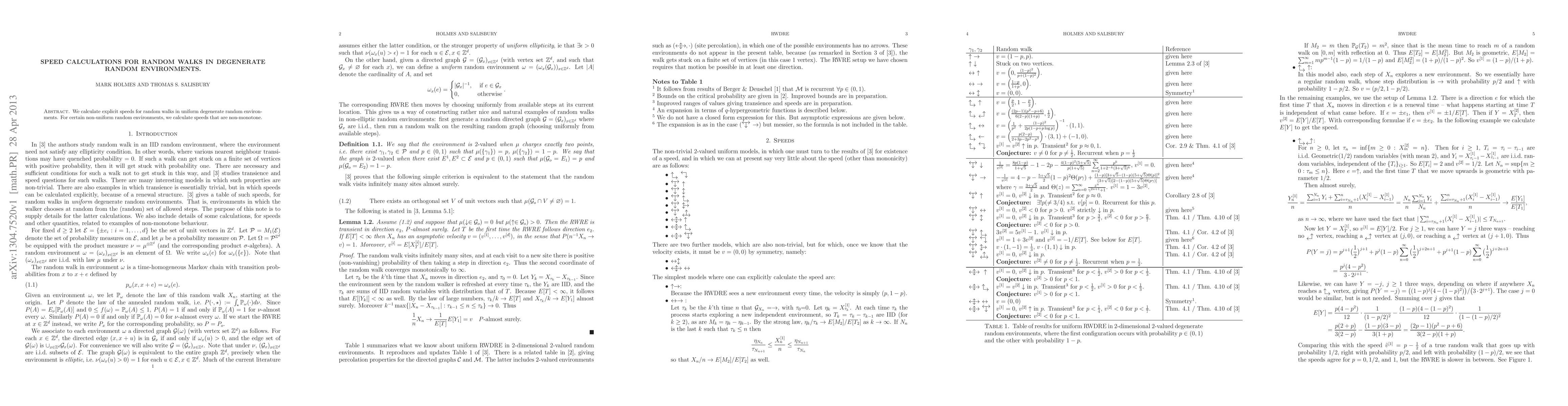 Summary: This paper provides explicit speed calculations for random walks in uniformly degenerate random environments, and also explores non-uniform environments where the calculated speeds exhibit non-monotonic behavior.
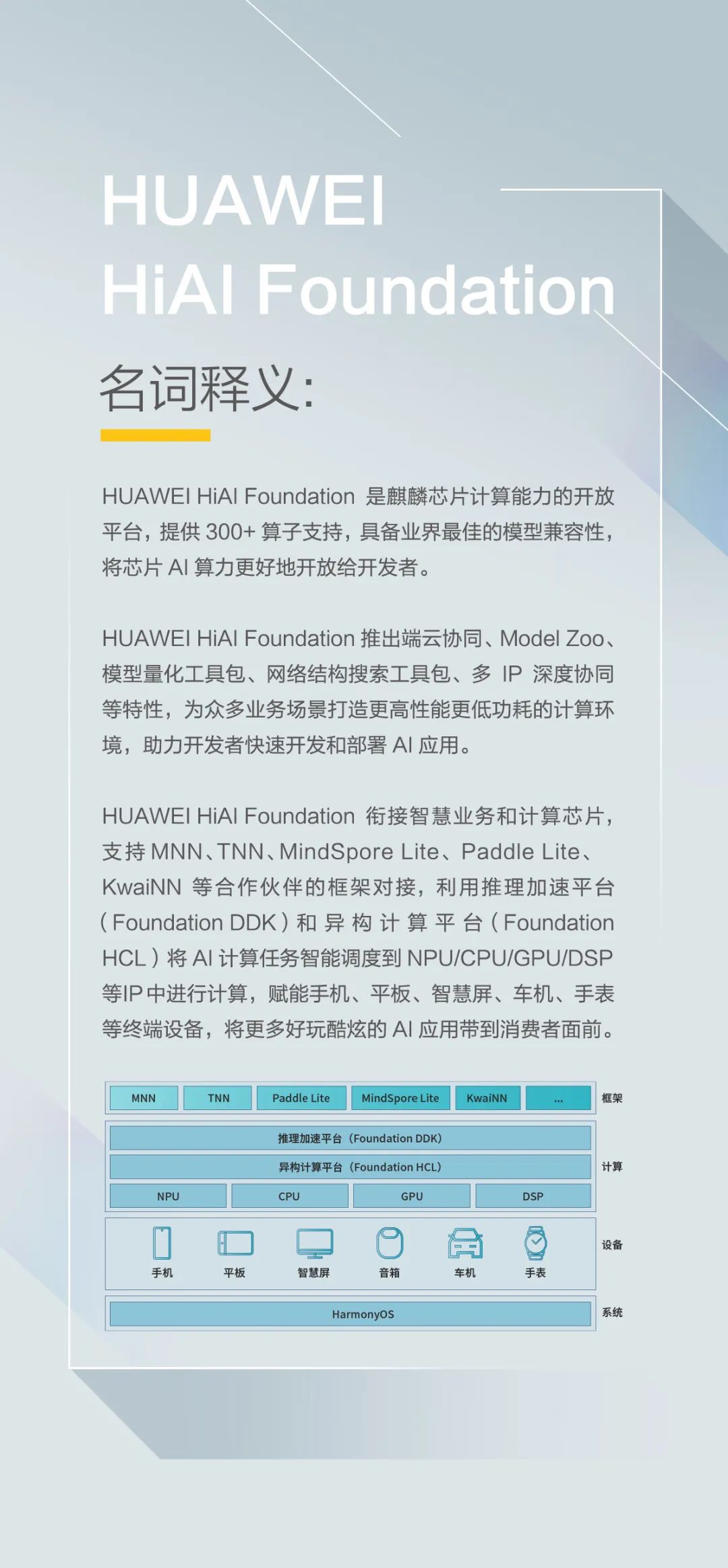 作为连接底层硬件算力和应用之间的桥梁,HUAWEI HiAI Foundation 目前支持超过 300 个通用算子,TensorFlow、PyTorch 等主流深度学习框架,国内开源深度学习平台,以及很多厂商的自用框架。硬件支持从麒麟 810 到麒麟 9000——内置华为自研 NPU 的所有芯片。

* * *

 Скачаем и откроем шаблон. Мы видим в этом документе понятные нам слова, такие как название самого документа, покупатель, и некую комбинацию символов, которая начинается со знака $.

--

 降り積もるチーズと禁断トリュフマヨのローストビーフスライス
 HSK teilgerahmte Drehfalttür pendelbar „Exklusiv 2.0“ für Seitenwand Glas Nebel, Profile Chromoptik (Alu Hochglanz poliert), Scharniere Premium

TO DO: Exactly the lines above from the one that contains "Summary: This paper" down to the one that contains "作为连接底层硬件算力和应用之间的桥梁,HUAWEI HiAI Foundation" are to be output, both ends kept and pictures omitted.

ANSWER TO THE PROBLEM:
 Summary: This paper provides explicit speed calculations for random walks in uniformly degenerate random environments, and also explores non-uniform environments where the calculated speeds exhibit non-monotonic behavior.
 作为连接底层硬件算力和应用之间的桥梁,HUAWEI HiAI Foundation 目前支持超过 300 个通用算子,TensorFlow、PyTorch 等主流深度学习框架,国内开源深度学习平台,以及很多厂商的自用框架。硬件支持从麒麟 810 到麒麟 9000——内置华为自研 NPU 的所有芯片。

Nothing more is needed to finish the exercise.